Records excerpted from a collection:
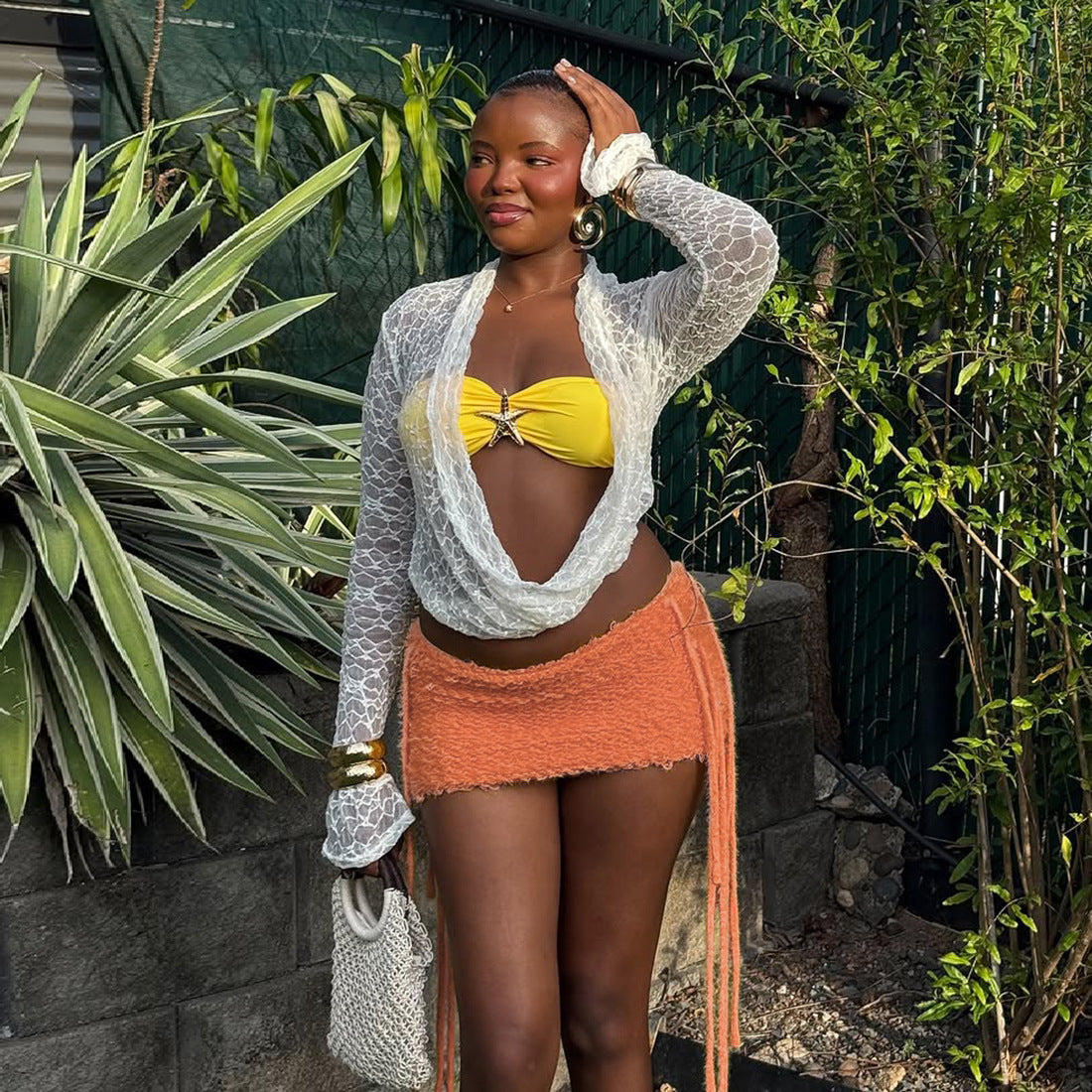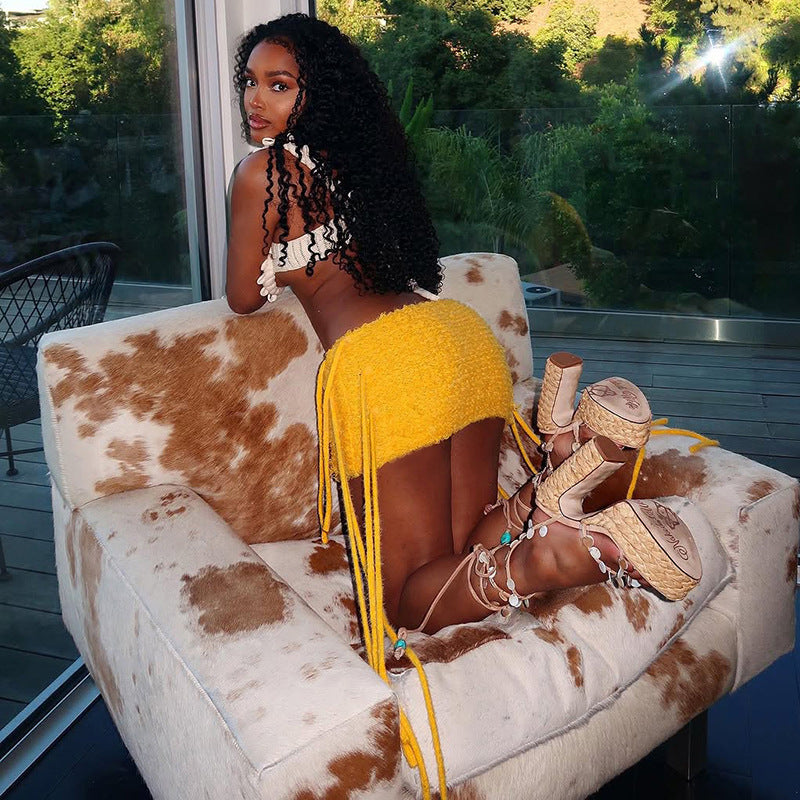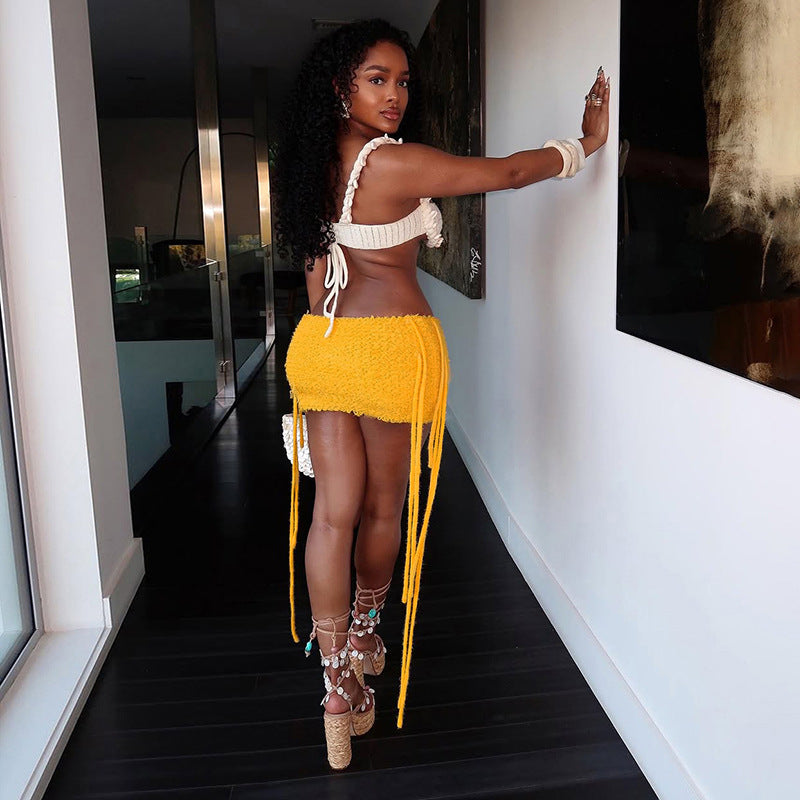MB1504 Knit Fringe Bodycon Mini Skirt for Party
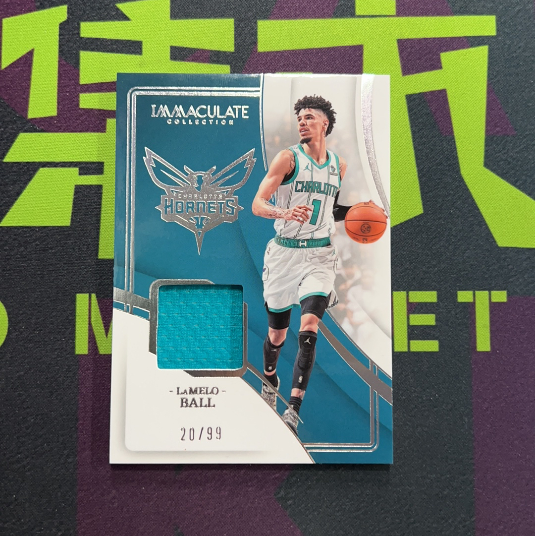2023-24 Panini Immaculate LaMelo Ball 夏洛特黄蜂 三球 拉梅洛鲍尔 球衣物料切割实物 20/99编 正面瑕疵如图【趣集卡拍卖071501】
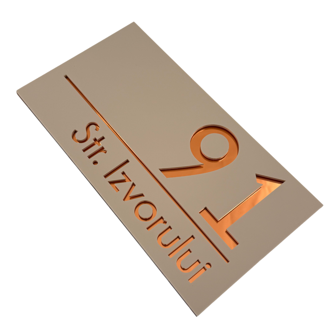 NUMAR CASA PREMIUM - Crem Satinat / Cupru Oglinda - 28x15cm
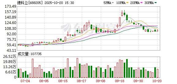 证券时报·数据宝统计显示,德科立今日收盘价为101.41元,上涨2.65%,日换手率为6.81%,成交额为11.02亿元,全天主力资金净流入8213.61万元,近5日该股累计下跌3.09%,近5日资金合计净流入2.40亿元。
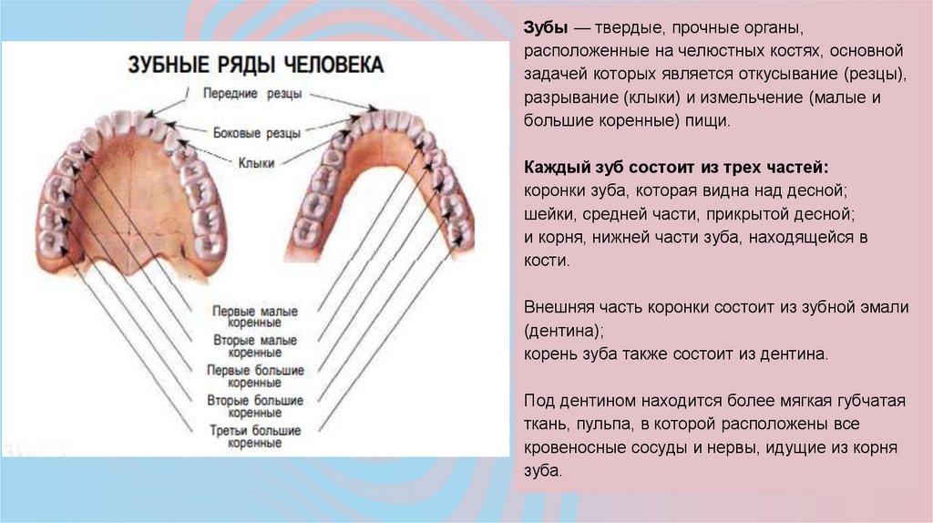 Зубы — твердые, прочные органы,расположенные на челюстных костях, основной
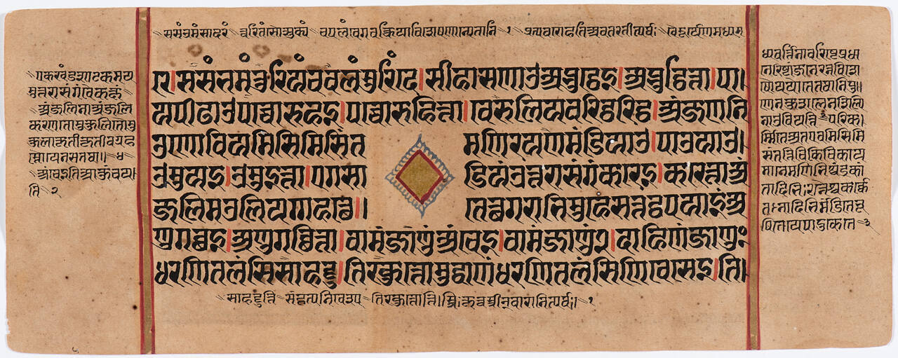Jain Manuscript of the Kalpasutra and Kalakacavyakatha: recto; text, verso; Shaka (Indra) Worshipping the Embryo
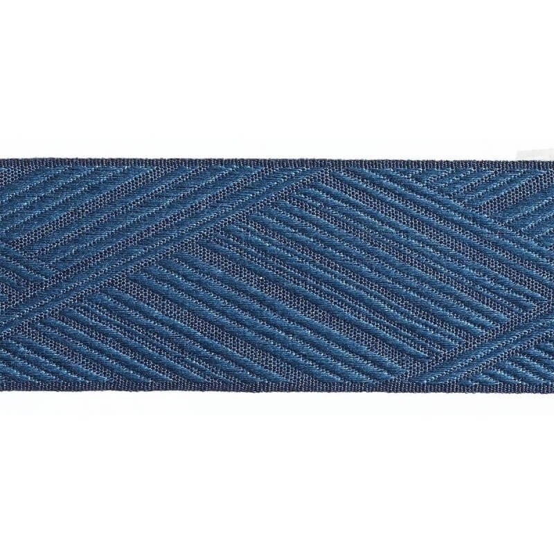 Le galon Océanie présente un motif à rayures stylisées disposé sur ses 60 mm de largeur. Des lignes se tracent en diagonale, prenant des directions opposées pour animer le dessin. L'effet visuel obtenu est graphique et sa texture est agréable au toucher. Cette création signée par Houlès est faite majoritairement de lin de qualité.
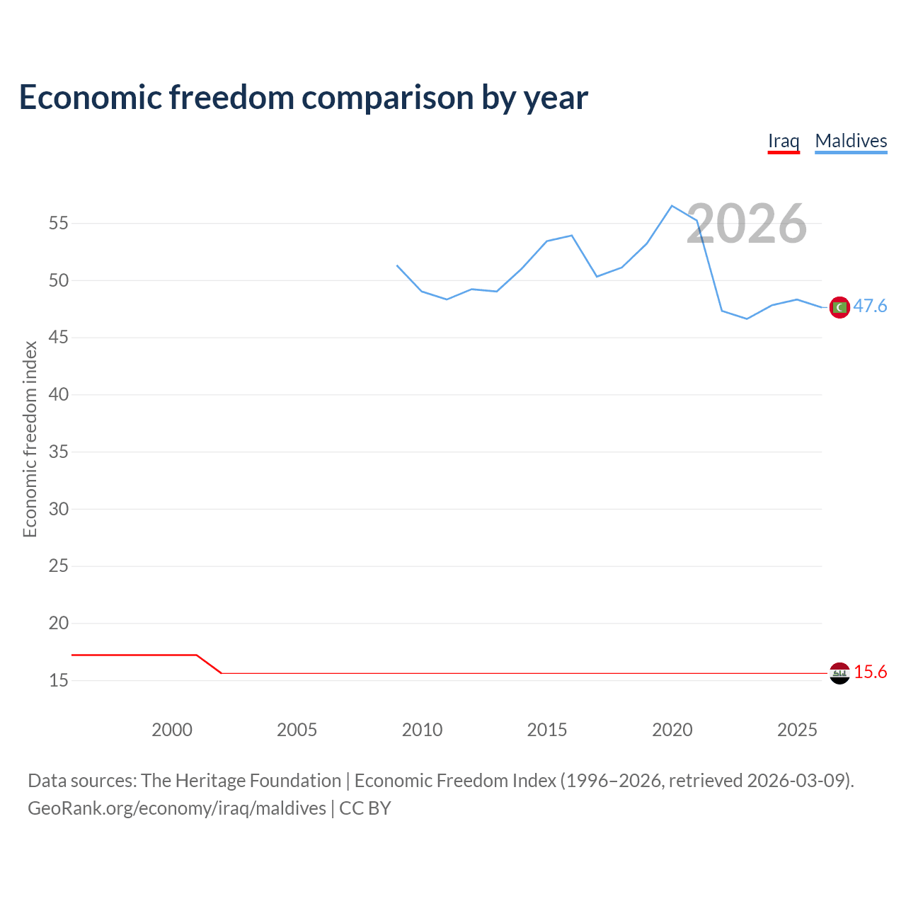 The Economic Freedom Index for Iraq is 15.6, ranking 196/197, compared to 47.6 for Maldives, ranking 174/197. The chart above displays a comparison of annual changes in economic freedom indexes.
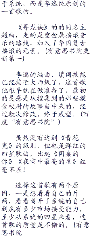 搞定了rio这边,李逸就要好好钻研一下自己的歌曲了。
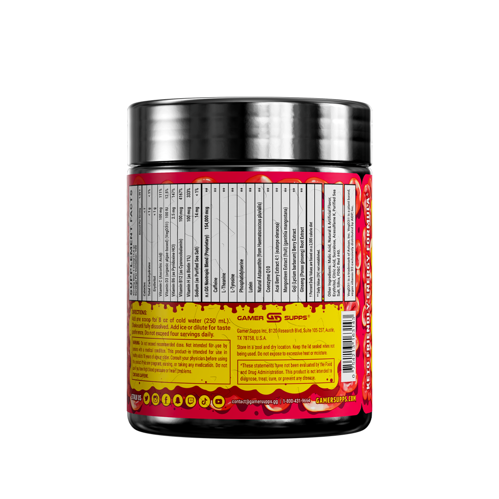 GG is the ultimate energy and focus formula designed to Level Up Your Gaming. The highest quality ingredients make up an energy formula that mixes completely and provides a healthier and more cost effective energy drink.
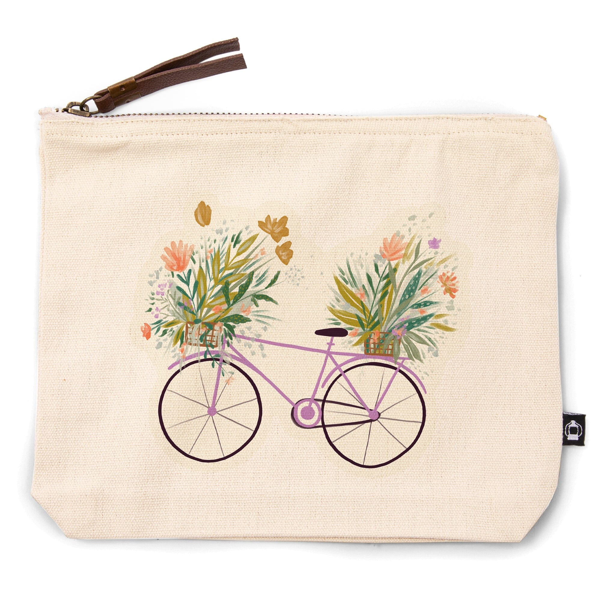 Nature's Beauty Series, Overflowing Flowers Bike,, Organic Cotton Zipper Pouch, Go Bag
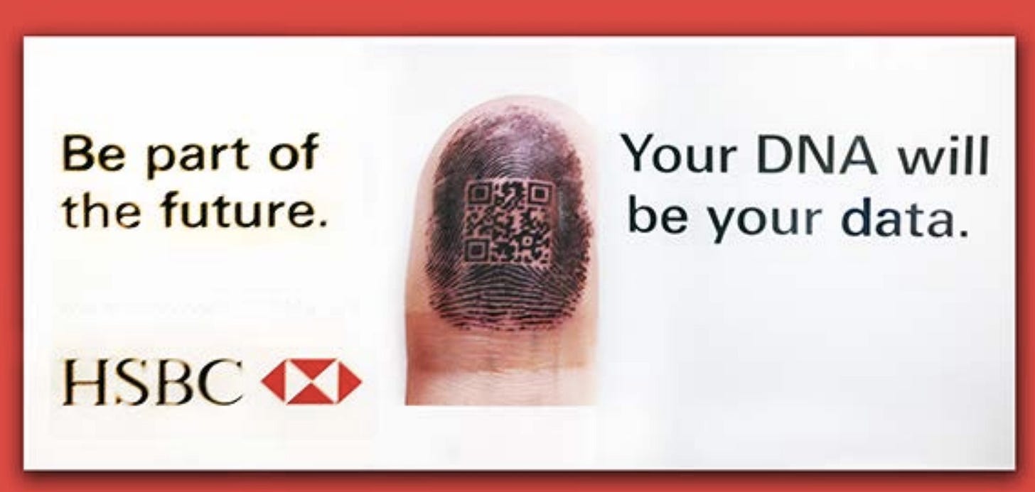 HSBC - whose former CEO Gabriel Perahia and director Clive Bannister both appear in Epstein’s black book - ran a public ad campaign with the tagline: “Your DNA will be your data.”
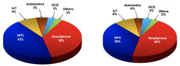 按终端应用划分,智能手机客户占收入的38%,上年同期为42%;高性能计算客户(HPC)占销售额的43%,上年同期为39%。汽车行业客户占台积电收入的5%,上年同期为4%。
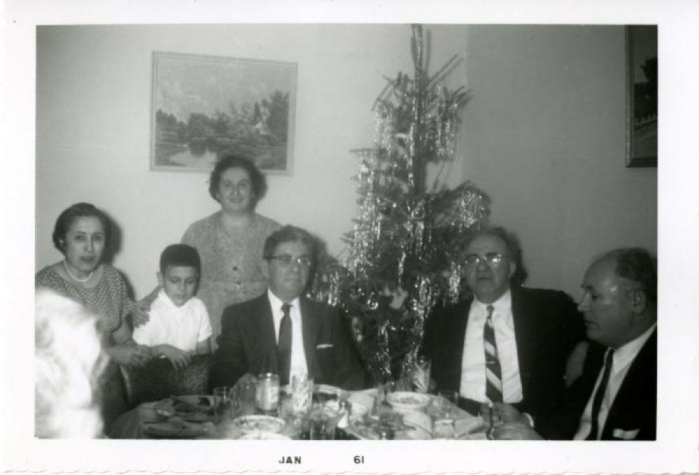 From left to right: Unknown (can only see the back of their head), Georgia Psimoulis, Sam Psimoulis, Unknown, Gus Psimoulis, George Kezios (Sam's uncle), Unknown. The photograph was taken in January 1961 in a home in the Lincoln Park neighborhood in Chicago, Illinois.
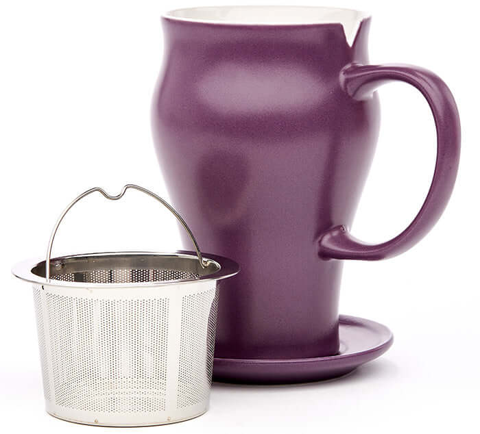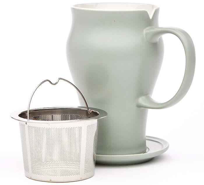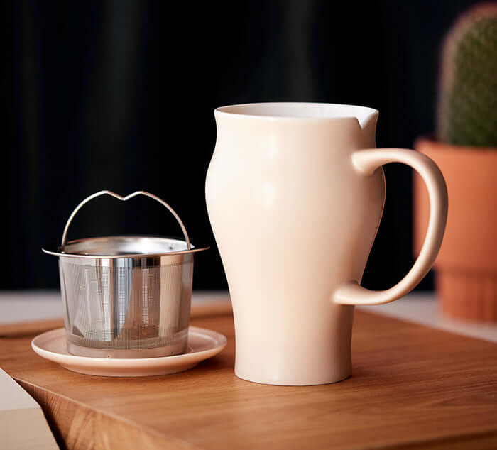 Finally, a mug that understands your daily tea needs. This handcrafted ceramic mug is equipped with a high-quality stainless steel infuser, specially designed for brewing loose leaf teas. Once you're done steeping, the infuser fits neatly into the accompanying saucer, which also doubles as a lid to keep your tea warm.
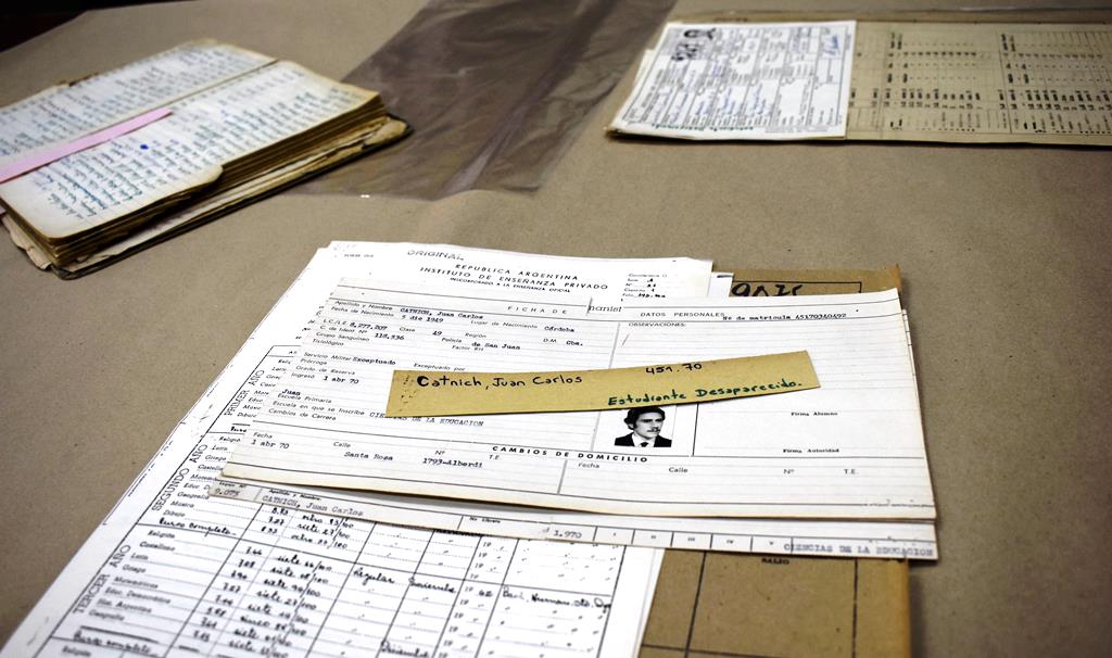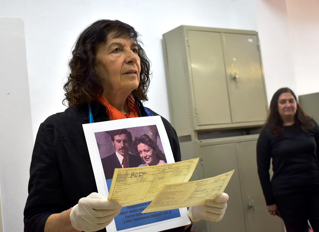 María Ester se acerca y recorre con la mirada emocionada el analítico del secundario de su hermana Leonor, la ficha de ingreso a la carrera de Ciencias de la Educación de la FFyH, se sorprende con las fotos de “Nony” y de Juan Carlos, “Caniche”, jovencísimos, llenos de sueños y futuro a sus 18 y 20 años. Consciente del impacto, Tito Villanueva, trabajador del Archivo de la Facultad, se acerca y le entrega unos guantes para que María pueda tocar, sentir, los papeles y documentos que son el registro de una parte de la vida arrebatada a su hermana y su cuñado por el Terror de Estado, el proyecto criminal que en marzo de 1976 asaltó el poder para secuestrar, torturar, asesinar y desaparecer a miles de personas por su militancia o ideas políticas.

» **Task statement**: Copy out all the data exactly; skip the pictures.

» **Solution**:
MB1504 Knit Fringe Bodycon Mini Skirt for Party
2023-24 Panini Immaculate LaMelo Ball 夏洛特黄蜂 三球 拉梅洛鲍尔 球衣物料切割实物 20/99编 正面瑕疵如图【趣集卡拍卖071501】
 NUMAR CASA PREMIUM - Crem Satinat / Cupru Oglinda - 28x15cm
 证券时报·数据宝统计显示,德科立今日收盘价为101.41元,上涨2.65%,日换手率为6.81%,成交额为11.02亿元,全天主力资金净流入8213.61万元,近5日该股累计下跌3.09%,近5日资金合计净流入2.40亿元。
 Зубы — твердые, прочные органы,расположенные на челюстных костях, основной
Jain Manuscript of the Kalpasutra and Kalakacavyakatha: recto; text, verso; Shaka (Indra) Worshipping the Embryo
 Le galon Océanie présente un motif à rayures stylisées disposé sur ses 60 mm de largeur. Des lignes se tracent en diagonale, prenant des directions opposées pour animer le dessin. L'effet visuel obtenu est graphique et sa texture est agréable au toucher. Cette création signée par Houlès est faite majoritairement de lin de qualité.
 The Economic Freedom Index for Iraq is 15.6, ranking 196/197, compared to 47.6 for Maldives, ranking 174/197. The chart above displays a comparison of annual changes in economic freedom indexes.
 搞定了rio这边,李逸就要好好钻研一下自己的歌曲了。
 GG is the ultimate energy and focus formula designed to Level Up Your Gaming. The highest quality ingredients make up an energy formula that mixes completely and provides a healthier and more cost effective energy drink.
 Nature's Beauty Series, Overflowing Flowers Bike,, Organic Cotton Zipper Pouch, Go Bag
 HSBC - whose former CEO Gabriel Perahia and director Clive Bannister both appear in Epstein’s black book - ran a public ad campaign with the tagline: “Your DNA will be your data.”
 按终端应用划分,智能手机客户占收入的38%,上年同期为42%;高性能计算客户(HPC)占销售额的43%,上年同期为39%。汽车行业客户占台积电收入的5%,上年同期为4%。
 From left to right: Unknown (can only see the back of their head), Georgia Psimoulis, Sam Psimoulis, Unknown, Gus Psimoulis, George Kezios (Sam's uncle), Unknown. The photograph was taken in January 1961 in a home in the Lincoln Park neighborhood in Chicago, Illinois.
 Finally, a mug that understands your daily tea needs. This handcrafted ceramic mug is equipped with a high-quality stainless steel infuser, specially designed for brewing loose leaf teas. Once you're done steeping, the infuser fits neatly into the accompanying saucer, which also doubles as a lid to keep your tea warm.
 María Ester se acerca y recorre con la mirada emocionada el analítico del secundario de su hermana Leonor, la ficha de ingreso a la carrera de Ciencias de la Educación de la FFyH, se sorprende con las fotos de “Nony” y de Juan Carlos, “Caniche”, jovencísimos, llenos de sueños y futuro a sus 18 y 20 años. Consciente del impacto, Tito Villanueva, trabajador del Archivo de la Facultad, se acerca y le entrega unos guantes para que María pueda tocar, sentir, los papeles y documentos que son el registro de una parte de la vida arrebatada a su hermana y su cuñado por el Terror de Estado, el proyecto criminal que en marzo de 1976 asaltó el poder para secuestrar, torturar, asesinar y desaparecer a miles de personas por su militancia o ideas políticas.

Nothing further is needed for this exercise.